## Task objective
Go to the line holding "2024年龙年 龙 元宝 灯笼 福 喜庆 新年高清壁纸背景图片" in the data below and repeat it exactly, then each line after it up to and including the one holding "Faculty and staff". Omit pictures.

## Data to use

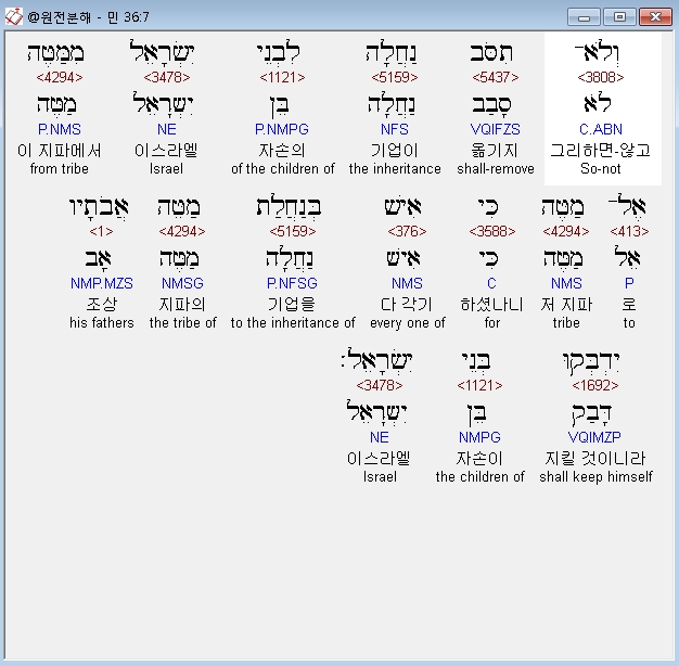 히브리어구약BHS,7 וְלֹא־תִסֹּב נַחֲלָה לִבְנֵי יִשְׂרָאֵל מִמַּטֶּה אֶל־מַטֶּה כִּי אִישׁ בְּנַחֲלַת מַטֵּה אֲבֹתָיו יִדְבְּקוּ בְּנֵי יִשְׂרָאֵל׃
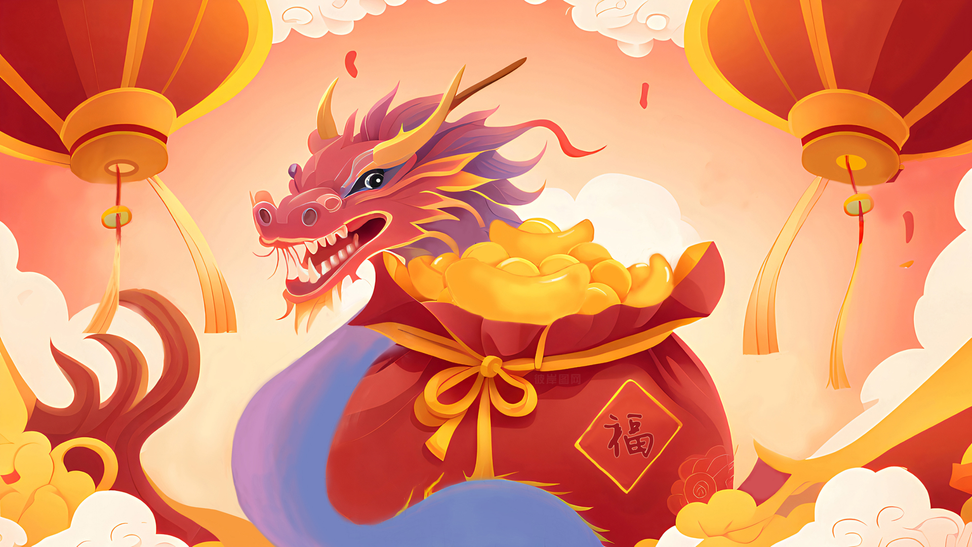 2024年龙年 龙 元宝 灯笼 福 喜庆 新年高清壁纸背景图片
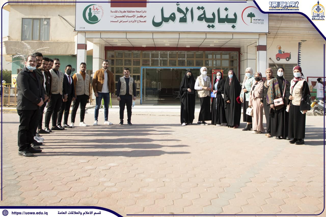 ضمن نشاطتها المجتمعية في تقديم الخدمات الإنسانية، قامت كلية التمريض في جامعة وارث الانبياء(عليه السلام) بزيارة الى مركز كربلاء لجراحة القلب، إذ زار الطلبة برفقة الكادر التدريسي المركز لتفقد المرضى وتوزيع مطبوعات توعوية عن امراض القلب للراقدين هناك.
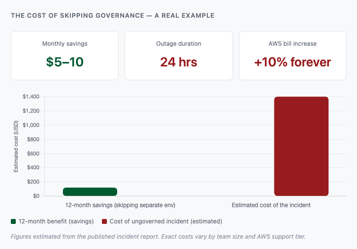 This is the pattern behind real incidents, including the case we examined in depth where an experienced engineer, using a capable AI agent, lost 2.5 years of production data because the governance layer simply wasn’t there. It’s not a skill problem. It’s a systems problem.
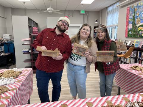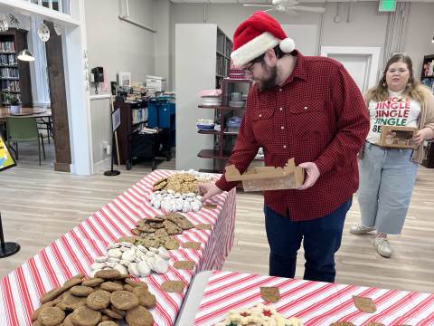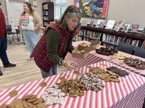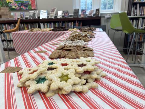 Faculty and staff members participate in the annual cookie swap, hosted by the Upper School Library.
---
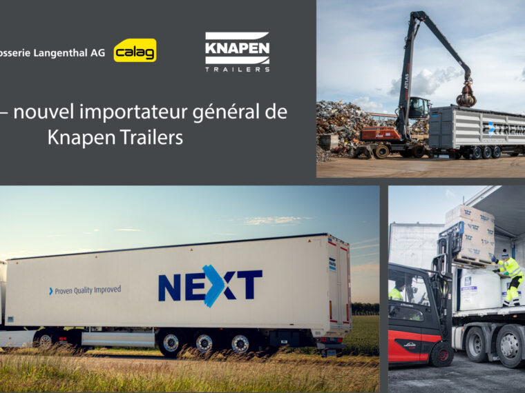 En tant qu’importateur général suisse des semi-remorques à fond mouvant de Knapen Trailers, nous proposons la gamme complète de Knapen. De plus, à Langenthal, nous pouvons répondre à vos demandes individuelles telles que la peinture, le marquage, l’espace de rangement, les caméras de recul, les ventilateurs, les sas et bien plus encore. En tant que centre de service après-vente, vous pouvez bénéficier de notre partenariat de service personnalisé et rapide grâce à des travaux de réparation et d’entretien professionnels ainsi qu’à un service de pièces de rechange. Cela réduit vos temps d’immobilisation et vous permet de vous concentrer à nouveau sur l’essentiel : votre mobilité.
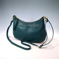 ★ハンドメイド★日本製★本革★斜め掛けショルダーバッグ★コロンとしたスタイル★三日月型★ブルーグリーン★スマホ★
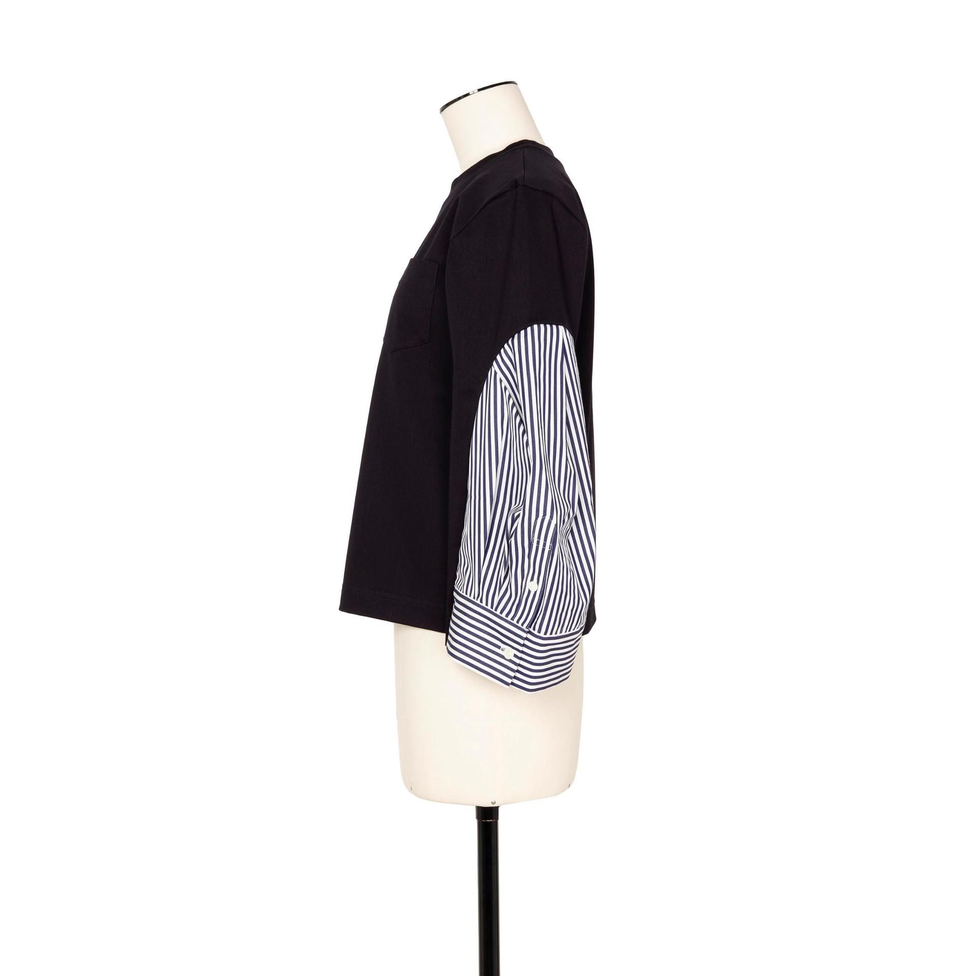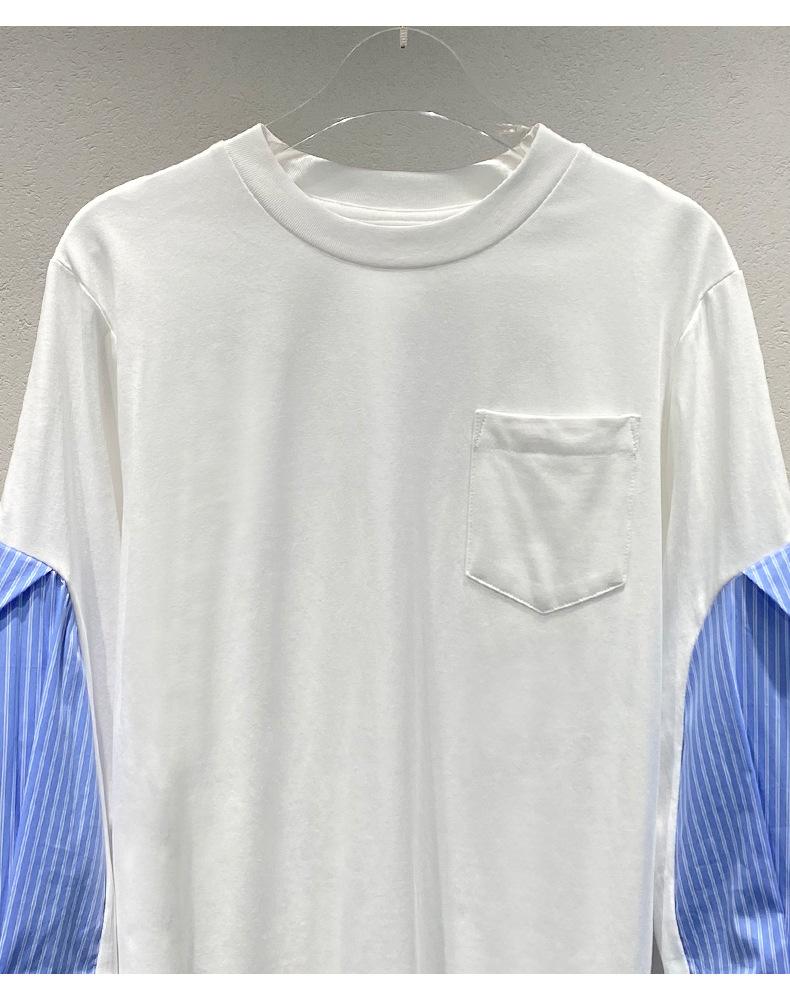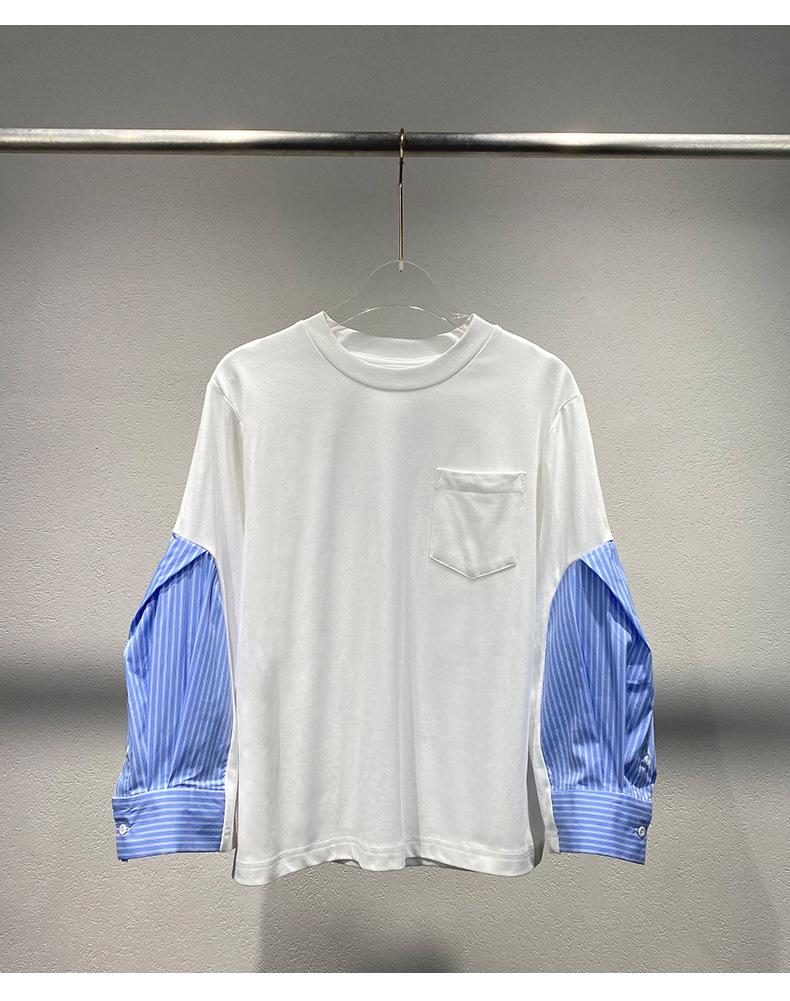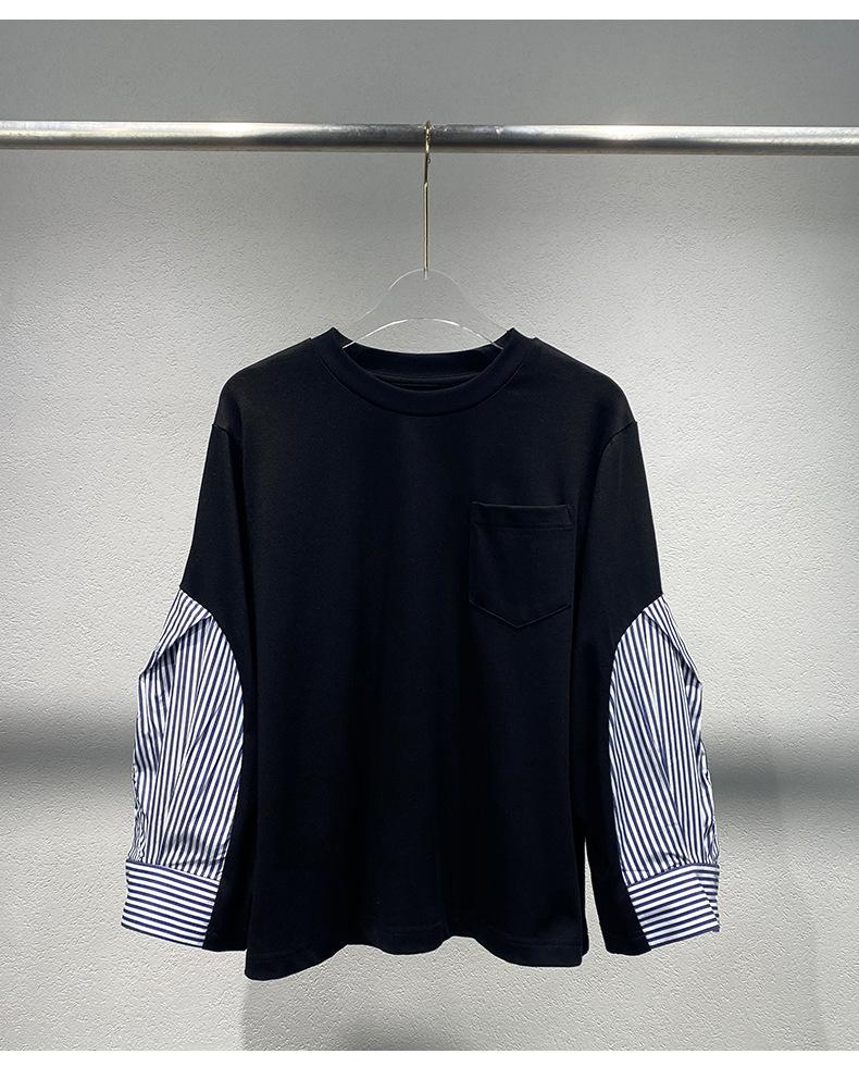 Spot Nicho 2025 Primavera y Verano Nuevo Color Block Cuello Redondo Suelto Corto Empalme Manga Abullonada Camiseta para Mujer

## Expected answer
 2024年龙年 龙 元宝 灯笼 福 喜庆 新年高清壁纸背景图片
 ضمن نشاطتها المجتمعية في تقديم الخدمات الإنسانية، قامت كلية التمريض في جامعة وارث الانبياء(عليه السلام) بزيارة الى مركز كربلاء لجراحة القلب، إذ زار الطلبة برفقة الكادر التدريسي المركز لتفقد المرضى وتوزيع مطبوعات توعوية عن امراض القلب للراقدين هناك.
 This is the pattern behind real incidents, including the case we examined in depth where an experienced engineer, using a capable AI agent, lost 2.5 years of production data because the governance layer simply wasn’t there. It’s not a skill problem. It’s a systems problem.
 Faculty and staff members participate in the annual cookie swap, hosted by the Upper School Library.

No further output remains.